Но сплошь и рядом привязанность фермеров к старым верным слугам ограничивалась тем, что после задумчивого посасывания дедовской трубки все-таки изрекалось неизбежное суждение: «Ja, maar, dokter. ’n Kaffer is mos’n Kaffer» — «Так-то оно так. Но, доктор, кафр всего только кафр». И чувствовалось, что они подозревают и осуждают доктора за его вольнодумство.
Единственным утешением доктора Вреде было то, что молодежь в отличие от стариков все чаще соглашалась вести беседы без этого заключительного: «Кафр всего только кафр».
Он пил кофе на веранде. Старая Рози действительно поднялась сегодня с птицами! Интересно, каким-то он стал, юный Тимоти? У мальчика был очень сдержанный голос, когда он позвонил из Йоханнесбурга. Может быть, просто утомленный, а не сдержанный. «Сохранил ли он чувство меры? И, что более важно, действительно ли из него получился настоящий музыкант? Ради него самого я все это сделал? Доброжелательный деспотизм? Или себялюбие? Не любование ли собственным «я» толкает человека на великодушные поступки? Не послужило ли мотивом этому намерению мое собственное тщеславие? Неужели в основе счастья, которым насладится Тимоти, играя, и я сам, и все те, кто будет слушать его игру, — неужели в основе счастья лежит это? Сделал бы я то же самое для какого-нибудь белого ребенка? И это ложится в вину тоже? В этом суть? Пусть оно встанет на ноги, во весь рост, это намерение, этот поступок, и будет судимо теми, у кого есть глаза. А с меня хватит того, что я могу сидеть здесь и хорошо себя чувствовать. Может быть, я пытаюсь произвести впечатление на бога? Хотел бы я исполниться такой веры в бога. В этом тоже, вернее в отсутствии такой веры, все старые дядюшки и тетушки с дальних ферм могут найти у меня уязвимое место.
Кофе был крепкий и сладкий. Этот Бильон прекрасный человек. При том, как все повернулось в мире, бедняге Бильону не позавидуешь, он попал в самое пекло. А ведь он скорее человек старого мира, умеренная твердость при всей полноте его величества закона. Величество? Должен быть какой-то синоним этому понятию и в республиканском государстве. Законникам следовало бы заняться подысканием такого синонима. Старина Бильон со своей жалкой половиной и пятью прелестными детишками…
Солнце ласково пригревало доктора. Он почти задремал, когда чуткое ухо уловило вдруг нежные звуки музыки, еще неясные и почти сливающиеся с тихим жужжанием пчел в саду.

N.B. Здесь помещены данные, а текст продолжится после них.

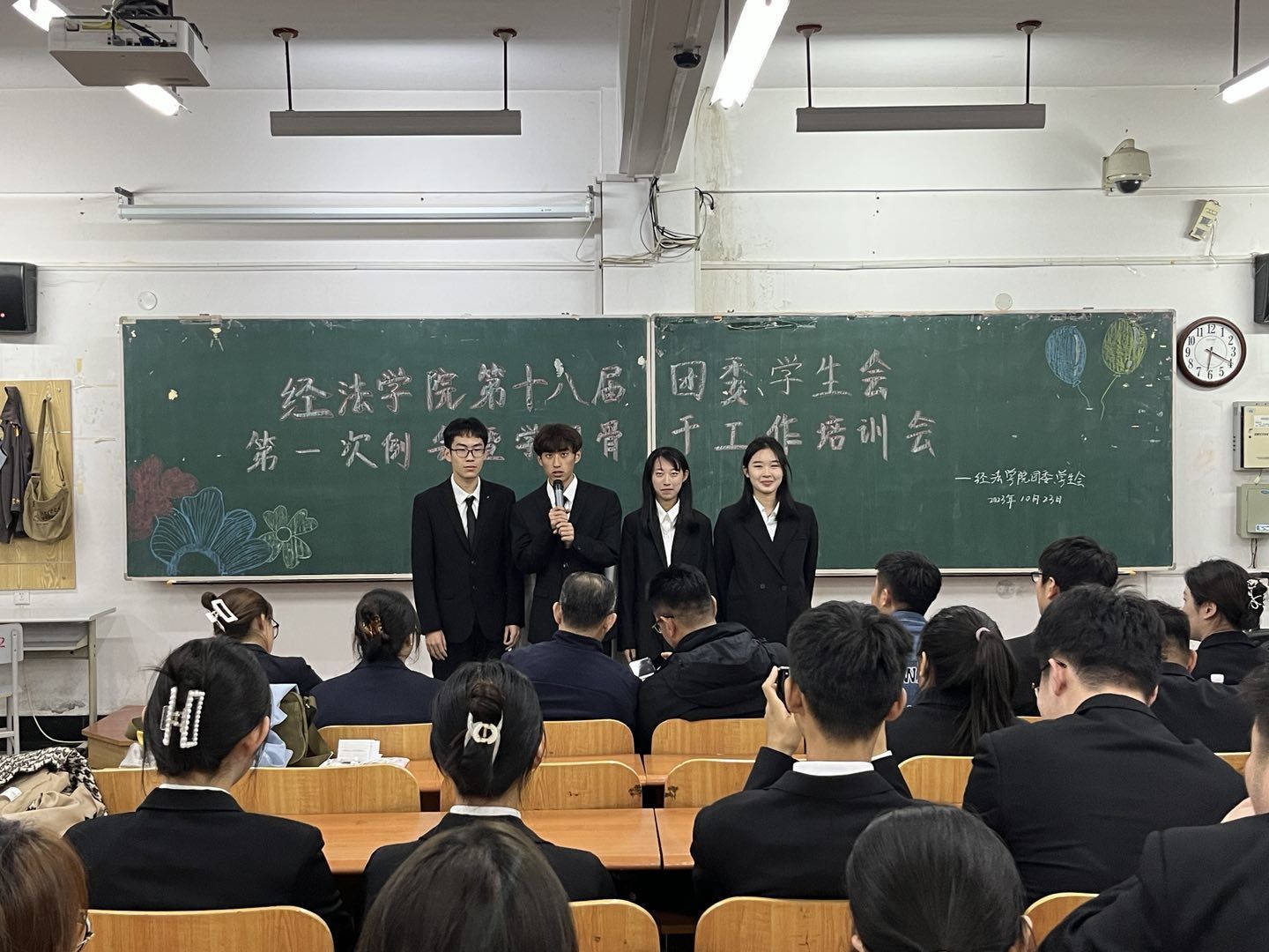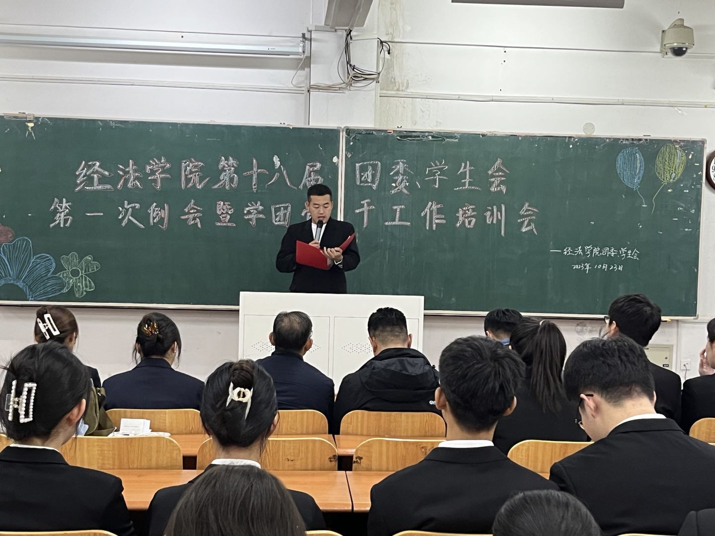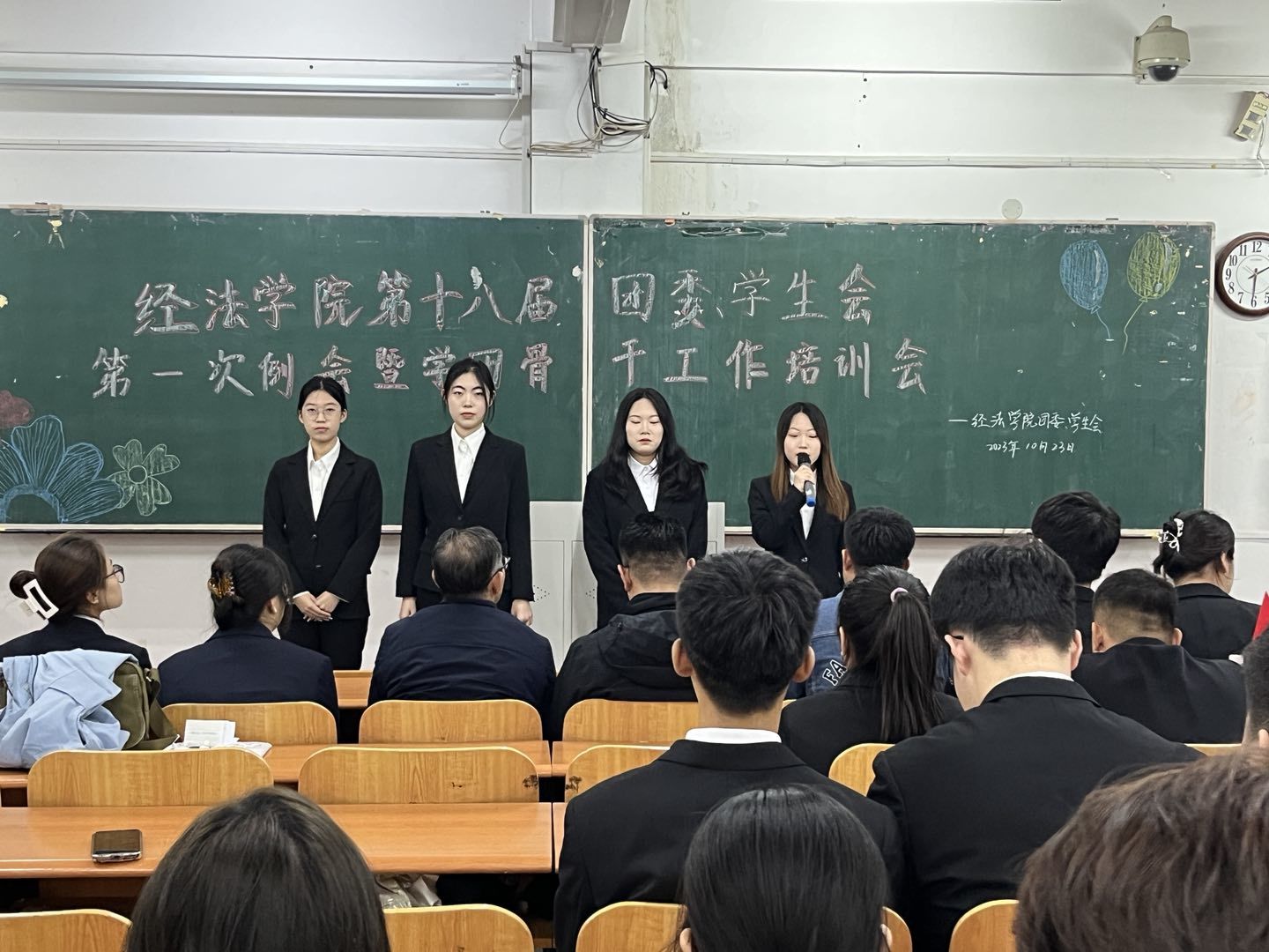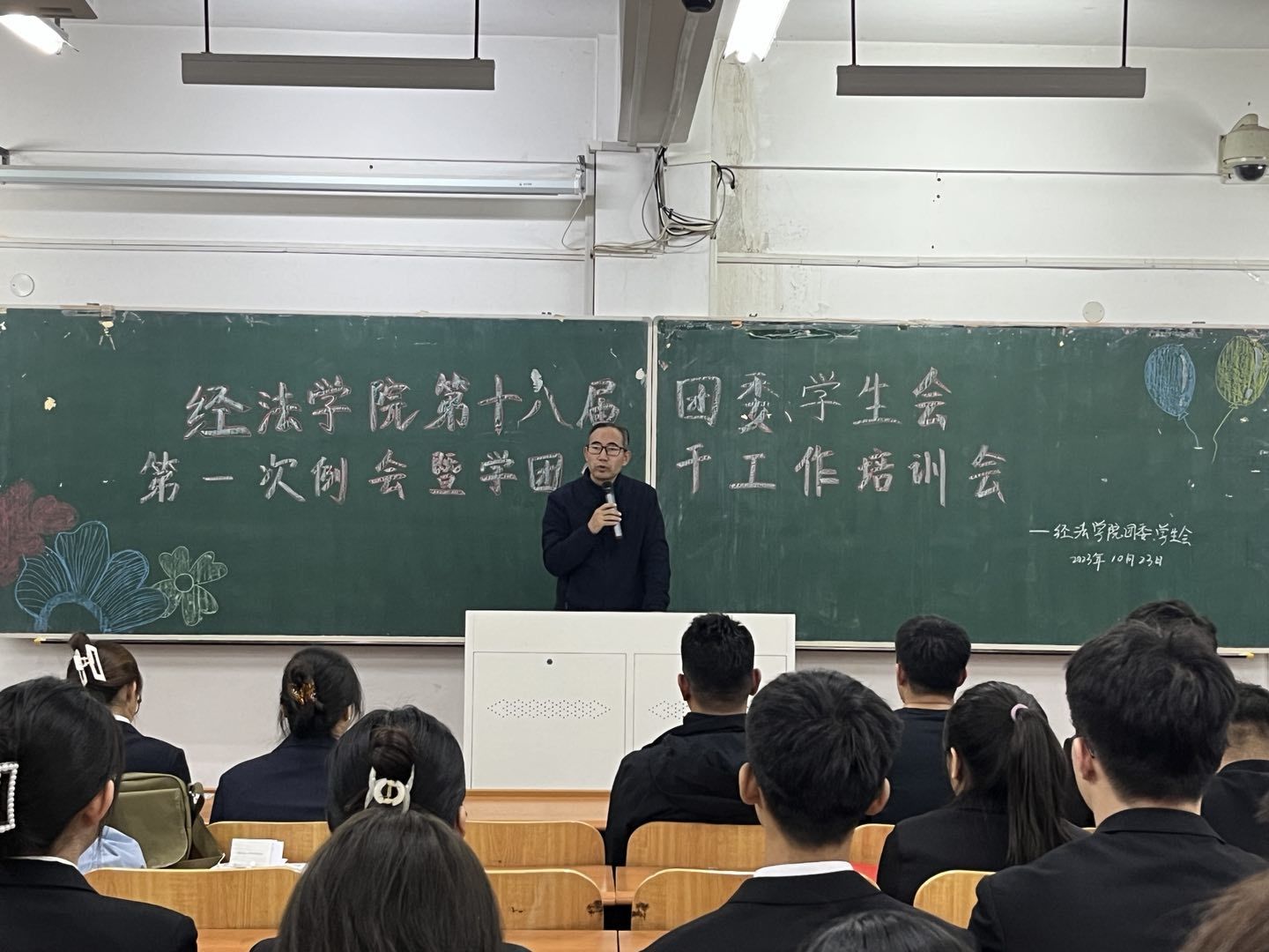 10月23日下午,经法学院第十八届团委、学生会第一次例会暨学团骨干工作培训会在博学楼C112举行。学院党委书记赵智博、党委副书记张国华、团委副书记张鹏飞出席会议,经法学院学生会全体学团骨干参加了本次会议。会议由经法学院第十八届学生会执行主席兼办公室负责人吴雨纯主持。

Мелодия нарастала мерно и сдержанно, она подкрадывалась к доктору. Вот она поднялась и теперь парила в воздухе секунду, другую… пять секунд и так же неожиданно заскользила прочь в призрачном замирающем адажио.
Доктор сидел, опустив голову на грудь, и слушал. Затем чуть повернул голову, и у него на губах заиграла улыбка.
Он опустил ноги с перил веранды и покосился через плечо в угол, где сучковатое персиковое дерево раскинуло прохладную тень.
Это уже было когда-то, давным-давно. Он повел головой, по-петушиному наклонив ее влево, пригляделся.
«Птичка, — посмеялся он над собой. — Птица». Он даже видел перышко, гордое и яркое, как солнце, оно мелькнуло в листве у него за спиной… А он подумал, что это птичка… Он усмехнулся. Теперь он разглядел — это была зеленая шляпа.